Issue: Whether the concessional rate of tax can be denied on the ground that assessee had not filed fresh form 10IC?

Facts: Assessee engaged in providing Information Technology Enabled Services, filed its return of income for AY 2021-22, declaring total income of Rs.358.03 Cr and computed its tax liability by applying concessional rate of tax under Section 115BAA. The claim was denied by income authorities as centralised processing centre and national faceless assessment centre.

Conclusion: Based on FAQ and instruction issued in filing ITR 6 an Assessee has opted for concessional rate of tax once, it shall apply to subsequent assessment years and cannot be withdrawn. Therefore the assessee contention is correct. 

5. Form 10IC/56F/10B/10BB Filing Deadline Extension/Postponement

i. Form 10IC Filing Deadline Extension

For corporates exercising the new scheme of taxation who were unable to file Form 10IC for Assessment Year (AY) 2021-22 due to genuine hardship, there is good news. The deadline for filing Form 10IC, a critical requirement for availing the benefits of the new tax scheme, has been extended. You now have the opportunity to submit Form 10IC this year, providing relief for those who encountered obstacles in adhering to the initial deadline.

This extension acknowledges that businesses may face unforeseen challenges that hinder compliance. Now, those who faced such hardships have an opportunity to catch up and ensure that they can take full advantage of the new taxation scheme in their financial planning.

ii. Form 56F Reporting Deadline Postponed

Form 56F is a report that must be furnished by chartered accountants to ensure compliance with regulations related to Special Economic Zones (SEZs). This report plays a crucial role in meeting SEZ-related requirements.

The standard deadline for filing Form 56F was originally set to align with the date of filing the income tax return. However, the new update provides some relief. The deadline for submitting Form 56F has been postponed to December 31st of 2023. This extension gives individuals and businesses more time to ensure that they fulfill the necessary reporting requirements associated with SEZs. It recognizes that additional time may be needed to compile and provide accurate information in compliance with SEZ regulations.

iii. Form 10B/10BB Filing Deadline Extension for Charitable Trusts

Charitable trusts play a significant role in various social and humanitarian causes. To ensure that they can continue their valuable work, the due date for filing Form 10B and Form 10BB, which are essential for charitable trust compliance, has been extended.

The original deadline was September 30th, but the extension provides charitable trusts with additional time to prepare and file these forms. Charitable trusts, dedicated to noble causes, can now submit Form 10B and Form 10BB until October 31st, 2023.

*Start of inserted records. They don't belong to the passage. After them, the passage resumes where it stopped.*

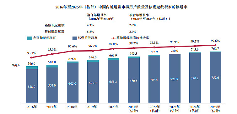 中国游戏市场参与者前五合计占市场份额的72.5%,而排名前二的市场参与者合计占市场份额的60.4%。青瓷的市场份额仅占0.4%,排在第20名。
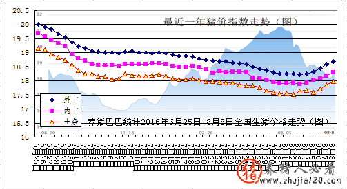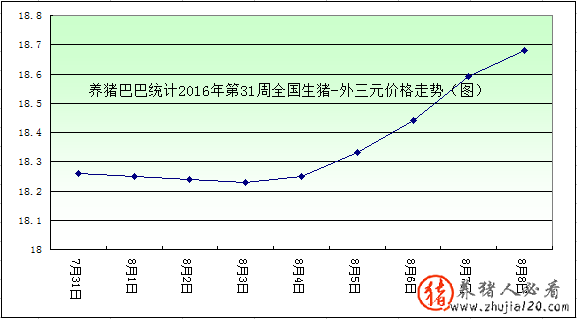 本周(2016年7月30日-8月5日)全国外三元猪价开始触底反弹,涨幅显然,周累积涨幅0.5元/公斤,部分省份周涨幅甚至在0.8-0.9元/公斤。全国各地本周生猪(外 三、内三、土杂)收购均匀价18.09-18.78元/公斤,与上周比上涨0.68元/公斤,相比价格上涨3.78%,结束了持续9周的下跌,比去年同期 下降了2.41%。统计的22个地区中,山西、河南、广西、北京、福建、湖南、天津、河北、甘肃、江苏地区的价格与上个统计周期相比小幅归落,其他地区的 生猪价格均有所上升。其中:江苏地区的生猪均匀价格跌幅最大,为4.58%;吉林地区生猪价格上涨幅度最大,为2.26%。辽宁地区生猪均匀价格最低,为 17.55元/kg;上海地区均匀价格最高,为19.16元/kg。本周生猪出栏量紧缩,猪价现微弱反弹之势。
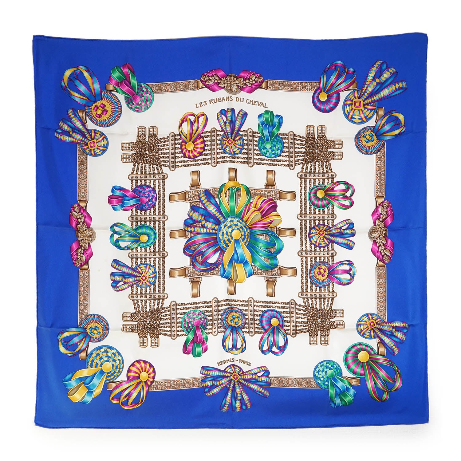 Les Rubans du Cheval Carre 90 Silk Scarf Blue Silk
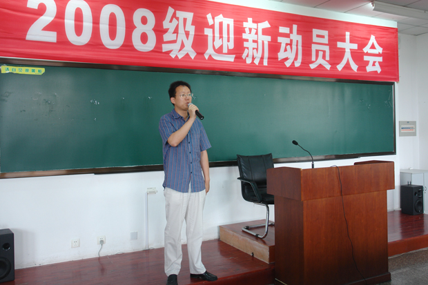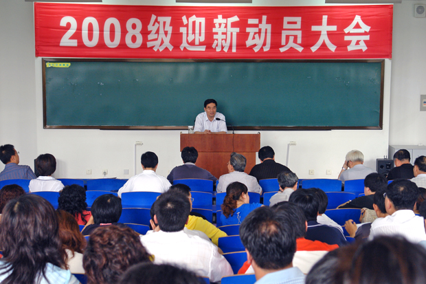 2008级迎新动员大会7月10日下午1:30在1108教室举行,院长唐志宏,副院长杨斌、王铁成,院长助理沈海龙、李宪起等院领导出席会议,近200名有迎新任务的教师参加了会议。

This extension recognizes the unique challenges and responsibilities faced by charitable trusts and provides them with the time needed to meet their compliance obligations.

Conclusion

Understanding recent case laws and their implications is vital in navigating the ever-evolving landscape of income tax. These cases cover a range of topics, from share buybacks to R&D deductions, business trusts, and more. Staying updated with such analyses is essential for individuals and businesses to make informed decisions and comply with taxation regulations.